EstBB participants’ genotype data were translated into pharmacogenomic risk phenotypes for 11 clinically important pharmacogenes using a pipeline developed by Reisberg et al. (2019). In the current study, results for the SLCO1B1 gene were used to assess the risk of statin-induced side effects.

Pharmacogenomic profiles were created for the 27 recalled LLT users and included the following information: age, sex, FH-associated genetic variant, LLT adherence, previous FH-related medical history (ICD-10 codes), statin-adjusted (divided by 0.8 and 0.7, respectively) total cholesterol and LDL-C values measured during primary feedback visits, statin-induced myopathy risk, and an overview of survey responses about treatment plan adherence and health (Supplementary Table S1). LLT adherence was represented graphically using Python with the matplotlib library (v. 3.3.2; Hunter, 2007). Differences between the recalled and control groups were examined with Langsrud 2 ’s two-tailed Fisher’s exact test calculator, which uses Agresti (1992) as a reference.

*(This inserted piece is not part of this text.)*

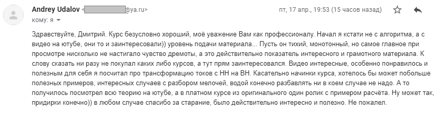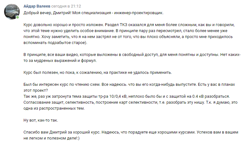 На этом Курсе стоит мое имя, а значит и репутация, как специалиста. Мир энергетики очень мал, даже в нашей огромной стране, и мне очень важна моя репутация.

The protocol (and further amendments) for this study was approved by the Ethics Review Committee on Human Research of the University of Tartu and Estonian Committee on Bioethics and Human Research (approval no 1.1-12/3015).

Results

Cohort Overview

In total, this study included 325 EstBB participants harboring FH-associated variants [34 recalled participants from the original RbG study (Alver et al., 2018) and 291 non-recalled controls]. A summary of the FH-associated variants identified is provided in Table 1. Of the participants, 60.9% (n = 198) were carriers of an APOB variant, 42.3% (n = 123) harbored an LDLR variant, and 1.7% (n = 5) were carriers of a PCSK9 variant. The FH-associated variants identified most frequently in the follow-up cohort were p.Arg3527Gln (rs5742904) in the APOB gene and p.Cys329Tyr (rs761954844) in the LDLR gene. Three rare FH-associated variants not described by Alver et al. (2018) were identified from sequencing data in this follow-up cohort. The general characteristics of the recalled and non-recalled groups were comparable (Table 2).

TABLE 1.

FH-associated genetic variants detected in the follow-up cohort. Participants with LDLR p.Val436Ala (rs779732323) and PCSK9 p.Ala103Ser (novel) were assigned to the control group because they declined visitation offered by Alver et al. (2018) in 2016–2018. *One individual had both APOB p.Arg3527Gln (rs5742904) and LDLR p.His250Arg (rs1256668310) variants. SNV, single nucleotide variant; rs, dbSNP reference number; RbG, recall by genotype; GS, genome sequencing; ES, exome sequencing.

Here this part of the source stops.